- Born: May 15, 1978 (age 47) Tucson, Arizona, U.S.
- Other names: The Grave Digger
- Height: 6 ft 1 in (185 cm)
- Weight: 205 lb (93 kg; 14 st 9 lb)
- Division: Heavyweight (265 lb) Light Heavyweight (205 lb)
- Reach: 73 in (185 cm)
- Style: Freestyle
- Fighting out of: Tucson, Arizona
- Team: Apex MMA/Fight Legion
- Years active: 2005–2013

Mixed martial arts record
- Total: 14
- Wins: 11
- By knockout: 11
- Losses: 3
- By submission: 3

Amateur record
- Total: 1
- Wins: 1
- By knockout: 1

Other information
- Mixed martial arts record from Sherdog

= Chad Griggs =

American mixed martial artist

Chad Griggs (born May 15, 1978) is an American former mixed martial artist. A professional competitor from 2005 to 2013, he competed in the International Fight League, Strikeforce, and Ultimate Fighting Championship.

==Background==
Griggs is from Tucson, Arizona and attended Sahuaro High School. He was introduced to mixed martial arts when he began training and frequently sparring with legendary fighter Don Frye. Griggs attended college, where he received his EMT and paramedic certification.

===Early career===
Griggs won his lone amateur fight via knockout in 13 seconds, and then made his professional debut in December 2005, on the first Total Fighting Alliance card. He fought and quickly defeated Johnathan Tsosie, an 0–3 fighter at the time, only eighteen seconds into round one. In April 2006, Griggs took his second fight against UFC veteran Homer Moore, on a Rage in the Cage card. Griggs again won via TKO.

Only a month after his second fight, Griggs fought Johnathan Tsosie in a rematch from their December fight. Griggs again came out victorious, winning via submission due to punches. He won another fight before signing with upstart promotion, the International Fight League.

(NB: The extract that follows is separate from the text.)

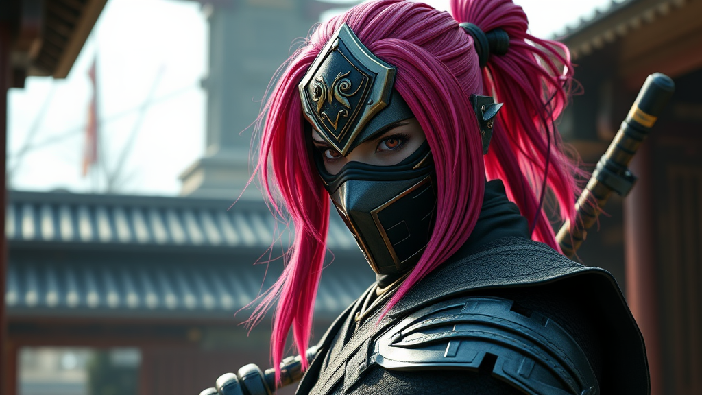 A stunning Japanese ninja featuring vibrant magenta hair, wearing an elegantly crafted mask and sleek, thick hide armor, rendered in hyperrealistic detail with photorealistic qualities. Captured in 8k resolution, utilizing the power of Unreal Engine with a 9:16 aspect ratio, the scene is brought to life in an expressive style. The environment blends traditional and modern elements, showcasing subtle hints of an ancient Japanese backdrop mixed with futuristic accents, adding an intriguing depth to the visual narrative. The shadows and lighting are meticulously crafted, highlighting the textures and colors of the character and surroundings, creating an immersive and captivating image.

===International Fight League===
Griggs signed with the IFL in 2007, and was picked to be a part of the Tucson Scorpions, coached by Don Frye. He made his promotional debut at IFL: Houston that took place on February 2, 2007. His opponent was PRIDE and UFC veteran, John Marsh. Griggs won the fight by TKO in the third round.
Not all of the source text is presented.